- Born: 21 January 1974 Prague, Czechoslovakia
- Died: 19 May 2026 (aged 52)
- Education: Charles University
- Occupations: Writer, translator
- Writing career
- Genres: Children's literature, Young adult literature, Novel
- Notable work: Zmatení jazyků aneb Bruselský cestopis (2006)

= Veronika Valentová =

Czech writer and translator (1974–2026)

Veronika Valentová (21 January 1974 – 19 May 2026) was a Czech writer and translator.

== Background ==
Valentová was born in Prague on 21 January 1974. She studied languages and literature at Charles University in Prague, as well as at universities in Nice, Aix-en-Provence, and Paris.
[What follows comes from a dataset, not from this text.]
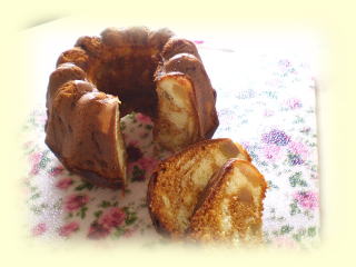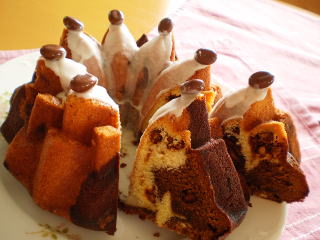 コーヒークラウンケーキ へーゼルナッツのキャラメリゼを入れた コーヒーマーブルケーキです。 |

She lived in France from 1996 and, starting in 2004, worked as a translator at the European Economic and Social Committee in Brussels. She died suddenly on 19 May 2026, at the age of 52.

== Literary work ==
Valentová wrote primarily for young people and their parents. Her books include Karlík Nezbedník – Knížka pro tvrdohlavé děti a jejich zoufalé rodiče (2017), Meteorit z Mušlovky (2022), and Tajný pramen z Hůrky (2025). She also published the novels Zmatení jazyků aneb Bruselský cestopis (2006) and Nicka dobývá Ameriku (2012).